Data Engineering Weekly #28

The story is a cross-posting from the Data Engineering Weekly. Please subscribe to the Data Engineering Newsletter for the latest update.

www.dataengineeringweekly.com

Welcome to the 28th edition of the data engineering newsletter. This week’s release is a new set of articles that focus on Google’s ML for computer architecture, Microsoft’s PyTorch vs. TensorFlow, Capital One’s Time travel offline ML evaluation frameworks, Alibaba Cloud’s Data Lake introduction, PayPal’s Next-Gen data movement framework, Apache Pinot’s integration story with Presto, Gradient Flow’s growing importance of Metadata, Metadata Day 2020 overview, Monte Carlo Data’s data pipeline SLA, and TDD with Apache Airflow.

Google: Machine Learning for Computer Architecture

The custom accelerators like Google TPU and Edge CPU significantly advanced the ML workloads. The hardware accelerator ecosystem must continue to innovate in architecture design and acclimate to rapidly evolving ML models and applications to sustain these advances. Google AI writes about blending ML into the high-level system specification and architectural design stage, a pivotal contributing factor to the chip’s overall performance.

Microsoft: A tale of two frameworks: PyTorch vs. TensorFlow

TensorFlow and PyTorch are the two most popular Machine Learning framework. Microsft writes a comparison article that illustrates the differences between PyTorch and TensorFlow by focusing on creating and training two simple models, mainly how to use dynamic subclassed models with the Module API from PyTorch 1.x and the Module API from TensorFlow 2.x.

Capital One: Time Travel is Real-Building Offline Evaluation Frameworks

In a typical system design, multiple services act on an entity to change the state. For an offline ML model evaluation, Adding the temporal view of all the systems’ data and processing to identify the state of customer interactions over time with time travel function is challenging. Capital One writes an exciting blog post discussing some of the challenges of building such a system with a high-level reference architecture.

Alibaba Cloud: Data Lake: Concepts, Characteristics, Architecture, and Case Studies

Alibaba Cloud writes an excellent overview about Data Lake. The blog is an exciting summary of what is a data lake? What are the characteristics of a data lake? The data architectural pattern differences between Lambda and Kappa architectures, Comparing the commercially available data lake solutions, and a case study from Huwai Data Lake system design.

PayPal: Next-Gen Data Movement Platform at PayPal

Data that moves is alive and valuable. At rest, data is dead. PayPal writes its journey to build the Next-Generation of Data Movement Platform. The design principles behind the PayPals Risk Analytical Dynamic Datasets(RAAD) pipeline build on top of Apache Gobblin and Apache Airflow is an exciting read about a self-serving unified data platform.

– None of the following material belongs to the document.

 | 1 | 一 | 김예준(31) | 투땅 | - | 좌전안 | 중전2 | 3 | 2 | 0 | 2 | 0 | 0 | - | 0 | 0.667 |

Apache Pinot: Real-time Analytics with Presto and Apache Pinot

Apache Pinot writes a two-part post about Pinot integration with Presto. The blog narrates various design choices, the trade-off between latency and flexibility, and discusses Pinot’s aggregator pushdown implementation with significant performance improvement.

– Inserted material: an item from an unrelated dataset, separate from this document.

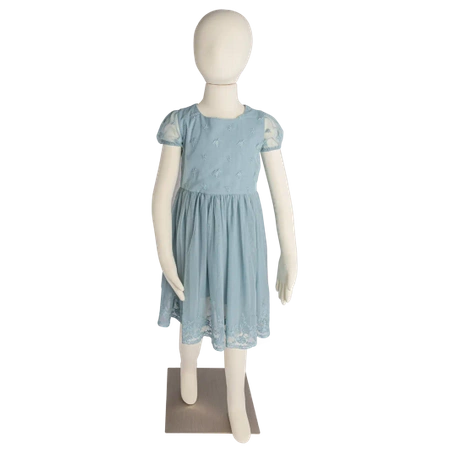 Pełnosylwetkowy manekin dziecięcy ekspozycyjny z elastycznego tworzywa sztucznego obleczonego materiałem lycra w kolorze ECRU. Wysokiej jakości włoski produkt. Ze względu na swoją specyfikę materiałową umożliwia kształtowanie, wyginanie i układanie zarówno nóg, jak i rąk w oczekiwaną pozycję. Manekin odzwierciedla sylwetkę dziecka w wieku 8 lat. Wysokość 120cm. W zestawie znajdują się dwie podstawy, jedna stalowa w kolorze INOX, druga drewniana w odcieniu klonu. W zestawie również dwie zagłuszki, metalowa i drewniana, odpowiadająca podstawom. Można je wykorzystać w przypadku chęci demontażu głowy. Ostatnia cena katalogowa wynosiła 399PLN, wyprzedaż w zdecydowanie atrakcyjniejszej cenie.

Gradient Flow: The Growing Importance of Metadata Management Systems

Metadata management is the critical feature of data infrastructure. We’ve seen several technology companies developed internal metadata management systems and shared the challenges that led them to focus on metadata, including Airbnb’s Data portal, Netflix’s Metacat, Uber’s Databook, LinkedIn’s Datahub, Lyft’s Amundsen, WeWork’s Marquez, Spotify’s Lexikon. Gradient Flow writes an exciting blog about the importance of metadata, the current architectural pattern for metadata management, and various vendors for the metadata landscape.

Knowledge Technologies: Review: Metadata Day 2020

LinkedIn organized the metadata day 2020 last December as a general forum to discuss the current trend in metadata management. Data Engineering Weekly wrote the chronological order of metadata management systems by various companies. Continuing to echo the metadata day’s impact, the author writes an exciting summary of the metadata day 2020.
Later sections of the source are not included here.